Because of this, comparing the environmental impact of different AI models helps users, developers, and policymakers understand sustainability trade‑offs.

How ChatGPT and Claude AI Use Energy

Energy Per Query

A single AI query is often measured in watt‑hours (Wh). This measures how much electricity is used.

Independent research shows:

  • OpenAI’s GPT‑4o (ChatGPT) uses about 0.30 Wh per request, with around 0.13 grams of CO₂ emitted on a typical global electricity grid.
  • Anthropic’s Claude 3 Opus AI uses significantly more, roughly 4.05 Wh per request, with about 1.80 grams of CO₂ per query in similar conditions.
  • A lighter version of Claude, Claude 3 Haiku, uses around 0.22 Wh and 0.10 grams CO₂ per query, suggesting model choice matters for impact.

This comparison shows that different AI architectures and optimizations can lead to more than 10× differences in energy usage per interaction.

User Shifts: Claude Climbs as ChatGPT Falls 

After news broke about OpenAI’s partnership with the U.S. Department of Defense, some users began leaving ChatGPT for alternatives. Data from app rankings shows that Anthropic’s Claude AI overtook ChatGPT as the #1 free app on the Apple U.S. App Store shortly after the dispute with the Pentagon became public. 

top free apps Claude Ai vs Chatgpt APP store

Sensor Tower data showed that Claude climbed from outside the top 100 in late January to the top spot by early March. Daily sign-ups and free users increased sharply during this time.

Reports show that Claude’s free user base grew over 60% since January. Also, its paid subscriptions more than doubled this year, according to company statements about the surge.

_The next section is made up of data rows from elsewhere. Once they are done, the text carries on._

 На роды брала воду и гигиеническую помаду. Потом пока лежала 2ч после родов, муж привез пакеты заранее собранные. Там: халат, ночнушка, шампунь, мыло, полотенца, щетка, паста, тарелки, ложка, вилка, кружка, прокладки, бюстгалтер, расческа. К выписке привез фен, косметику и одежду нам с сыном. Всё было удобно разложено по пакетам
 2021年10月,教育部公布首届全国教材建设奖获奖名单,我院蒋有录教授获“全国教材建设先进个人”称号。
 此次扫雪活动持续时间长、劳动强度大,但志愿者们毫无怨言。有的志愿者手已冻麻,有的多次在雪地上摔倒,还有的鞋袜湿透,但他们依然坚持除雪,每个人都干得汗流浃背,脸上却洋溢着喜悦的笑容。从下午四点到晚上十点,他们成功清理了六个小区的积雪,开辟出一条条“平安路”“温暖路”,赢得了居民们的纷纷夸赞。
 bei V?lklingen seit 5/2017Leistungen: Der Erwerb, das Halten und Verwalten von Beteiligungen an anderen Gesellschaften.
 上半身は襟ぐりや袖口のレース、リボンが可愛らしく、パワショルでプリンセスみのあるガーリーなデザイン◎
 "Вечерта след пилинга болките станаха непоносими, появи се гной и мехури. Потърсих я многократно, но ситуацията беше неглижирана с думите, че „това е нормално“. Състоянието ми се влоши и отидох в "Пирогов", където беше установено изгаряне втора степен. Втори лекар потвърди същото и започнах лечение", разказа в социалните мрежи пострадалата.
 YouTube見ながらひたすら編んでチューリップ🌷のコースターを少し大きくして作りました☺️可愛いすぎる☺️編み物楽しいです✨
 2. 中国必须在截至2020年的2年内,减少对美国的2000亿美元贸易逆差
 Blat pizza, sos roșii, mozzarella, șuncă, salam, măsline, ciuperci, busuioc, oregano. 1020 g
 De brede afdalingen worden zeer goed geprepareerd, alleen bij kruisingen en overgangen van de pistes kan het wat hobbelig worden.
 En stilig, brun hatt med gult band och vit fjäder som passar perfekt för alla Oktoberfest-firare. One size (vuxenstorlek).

At the same time, uninstalls of the ChatGPT app spiked. Some data showed that these rates surged after the Pentagon deal. Yet, OpenAI’s chatbot maintains a much larger overall user base, with reported weekly active users in the hundreds of millions.

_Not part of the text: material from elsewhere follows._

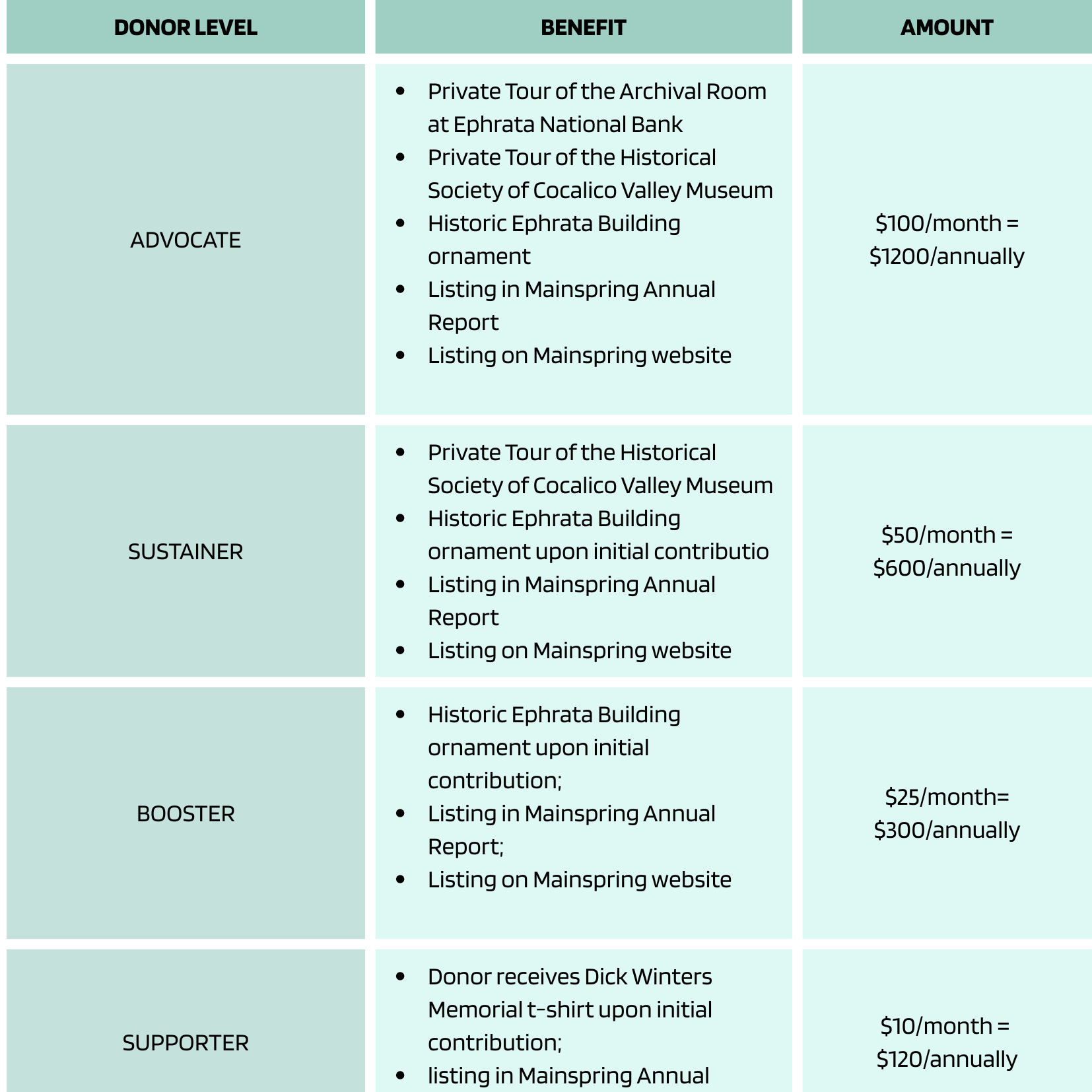 Join Mainspring in building a thriving, resilient, and unforgettable Ephrata.

These recent shifts represent a notable trend toward user migration and increased competition in the AI chatbot market. 

Scaling Impact: Why Small Differences Multiply

A single AI query’s footprint may look small. For example, 0.30 Wh is roughly the energy needed to run a small LED light bulb for a few minutes. But the global scale of use changes the picture.

ChatGPT alone handles hundreds of millions to billions of queries every day. One estimate suggests more than 1 billion queries daily, leading to about 300 megawatt‑hours (MWh) of electricity consumption per day and over 260,000 kilograms of CO₂ emissions per month from ChatGPT use.

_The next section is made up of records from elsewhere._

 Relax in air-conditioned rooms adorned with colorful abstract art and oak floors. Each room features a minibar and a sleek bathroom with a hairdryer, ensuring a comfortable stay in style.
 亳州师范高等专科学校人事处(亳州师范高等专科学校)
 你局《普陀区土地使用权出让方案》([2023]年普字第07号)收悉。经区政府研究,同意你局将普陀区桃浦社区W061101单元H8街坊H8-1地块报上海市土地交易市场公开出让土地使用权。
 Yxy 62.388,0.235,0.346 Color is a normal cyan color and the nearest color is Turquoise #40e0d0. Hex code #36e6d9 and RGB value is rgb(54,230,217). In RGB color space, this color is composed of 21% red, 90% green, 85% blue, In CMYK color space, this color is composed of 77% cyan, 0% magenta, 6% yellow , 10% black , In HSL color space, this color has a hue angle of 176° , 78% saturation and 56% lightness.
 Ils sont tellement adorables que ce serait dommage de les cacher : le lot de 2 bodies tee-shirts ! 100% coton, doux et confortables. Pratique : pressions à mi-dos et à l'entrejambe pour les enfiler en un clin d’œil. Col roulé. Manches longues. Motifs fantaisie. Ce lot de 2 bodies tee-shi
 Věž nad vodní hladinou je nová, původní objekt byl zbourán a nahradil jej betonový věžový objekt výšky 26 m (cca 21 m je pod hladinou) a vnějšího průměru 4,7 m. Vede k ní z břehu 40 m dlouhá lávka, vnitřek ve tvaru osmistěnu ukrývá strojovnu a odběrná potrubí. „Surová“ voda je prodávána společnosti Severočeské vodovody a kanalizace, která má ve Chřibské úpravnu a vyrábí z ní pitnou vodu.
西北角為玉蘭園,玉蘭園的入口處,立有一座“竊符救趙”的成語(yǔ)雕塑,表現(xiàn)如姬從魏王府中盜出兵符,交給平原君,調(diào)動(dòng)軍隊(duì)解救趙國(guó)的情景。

If models like Claude AI — which use more energy per query — are used widely, the total emissions scale up even faster. That means small differences in per‑query use can translate into large differences in total environmental output.

From Training to Inference: The Energy Life Cycle of AI

There are two main parts of AI’s life cycle:

  • Model Training

Training is a one‑time event for a given version of a model, but it must be repeated for updates.

Training a large AI model involves consuming large amounts of energy. Training generates billions of calculations and can emit hundreds of metric tons of CO₂.

For example, research on large language models estimates that training some early AI models resulted in over 500 metric tons of CO₂ equivalent because of the hardware and energy used.

  • Inference (Everyday Use)

Inference is when a model responds to user prompts. This ongoing use represents most of the daily energy footprint of AI systems. Here, the efficiency per query matters most.

chatGPT energy use

A more efficient model like GPT‑4o may use less energy per request than a less efficient model. Since ChatGPT already sees large volumes of queries, even small efficiency gains can reduce total emissions.

Water and Data Centers

AI data centers use water mainly for cooling. Hot servers generate heat and need water for cooling systems. Research indicates water use per query is usually very small, such as about 0.32 milliliters per average AI prompt.

However, at scale, this water use still matters, especially in regions where water is scarce. Not all companies publicly disclose the water footprints tied to their AI operations, making precise comparison challenging.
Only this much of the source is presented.